Boobs don't become intelligent by working on projects outside of their "expertise". Or, as I would put it, virtually all of Amtrak management are a shining examples of the Peter Principle. On the other hand, to give them credit, they have proved that if Darwin's theories about the survival of the fittest was applied to railroad operations, he would today be thrown out of the scientific community as a charlatan.


----------



## jis (Oct 24, 2021)

Actually Darwin’s theory applies perfectly to railroads. The question is what the natural selection criteria are in the environment. They are not the ones we would like, but that does not make them unnatural in that environment


----------



## IndyLions (Oct 26, 2021)

They run fiber optic lines along rail lines all the time - you could run a transmission line for cellular service along the right of way. Then trees/tunnels/etc. have no impact on the availability of signal. Of course, as long as private companies own the rail infrastructure (not to mention the disaster that is our fractured cellular infrastructure), there is no incentive for it to ever happen.


----------



## jis (Oct 26, 2021)

IndyLions said:


> They run fiber optic lines along rail lines all the time - you could run a transmission line for cellular service along the right of way. Then trees/tunnels/etc. have no impact on the availability of signal. Of course, as long as private companies own the rail infrastructure (not to mention the disaster that is our fractured cellular infrastructure), there is no incentive for it to ever happen.

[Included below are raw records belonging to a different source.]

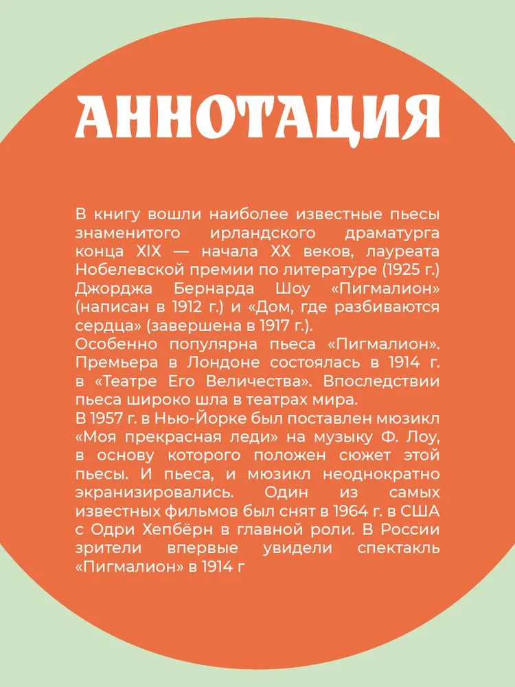 💳 Оплатить за товар можно при получении 🇰🇿 Есть бесплатная доставка по Казахстану от 1 дня 🎁 Копите бонусы с каждой покупки Серия: Живая классика В книгу вошли две культовые пьесы классика британской драматургии Бернарда Шоу. «Пигмалион» (1912) — аллюзия на миф о скульпторе Пигмалионе, который влюбился в собственное творение. Правда, в пьесе Шоу между главной героиней и преобразившим ее профессором не возникает романтической истории. Основная идея пьесы заключается в том, что внешний лоск, хорошие манеры, правильная речь — это всё наносное. Под грубой оболочкой дурно воспитанного, неряшливого и неграмотного человека вполне может скрываться тонкая, умная личность, которая сумеет преобразиться под влиянием хорошего образования. «Дом, где разбиваются сердца» (1917) — тонкая, остроумная сатира на современное автору английское буржуазное общество: тщеславное, лицемерное, безразличное к чувствам других. Вызывающий наибольшую симпатию персонаж пьесы — это няня Гинесс, пытающаяся в этой безалаберной, абсурдной атмосфере создать хоть какое-то подобие уюта и порядка. |
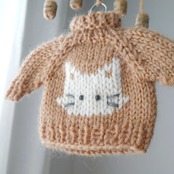 A warm and adorable handmade mobile featuring a palm-sized knitted sweater with a fox embroidery and many tiny yarn balls.
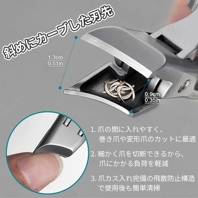 厚い爪 巻爪 斜め刃 爪キリ 飛び散り ブラック シルバー
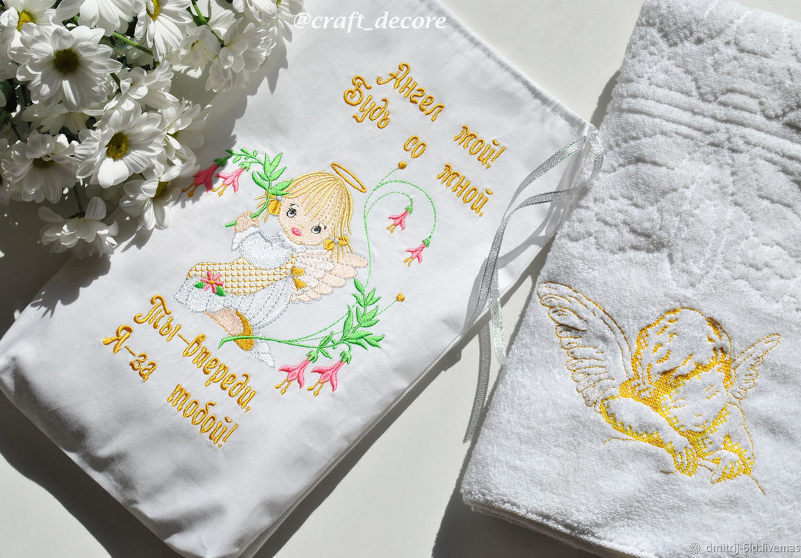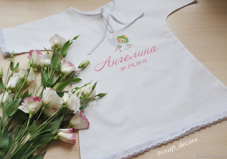 Крестильная рубашка из 100% хлопка.Цвет вышивки любой. Размер единый 0-12 мес. Рубашку можно дополнить чепчиком, салфетками для крестных, мешочком для хранения.

This is exactly what they have done all over Europe, and you are exactly right as to why we cannot manage to do any such thing.


----------



## Nick Farr (Oct 26, 2021)

west point said:


> Maybe the tree problem can be mitigated by multiple antennas on different cars ? If antennas are automatically steerable that might mitigate the cell phone reception problem ?



Starlink only just applied for FCC clearance to operate on moving vehicles. The tech probably exists, but is a long ways away.

European rail internet coverage is not a fair comparison with US LD routes. There is no stretch in Europe such as the one between, say, Salt Lake and Reno. 

It is possible to provide internet coverage in those areas--but the cost would not correspond to the benefit. 

Maybe, instead, why don't we preserve these stretches on the LD network as internet-free zones?


----------



## Cal (Oct 26, 2021)

Nick Farr said:


> Starlink only just applied for FCC clearance to operate on moving vehicles. The tech probably exists, but is a long ways away.
> 
> European rail internet coverage is not a fair comparison with US LD routes. There is no stretch in Europe such as the one between, say, Salt Lake and Reno.
> 
> ...


If we want Amtrak to appeal to more people, I think wifi is a great start. Personally I could go without, but I feel it’d make it easier for people to say yes to trying Amtrak


----------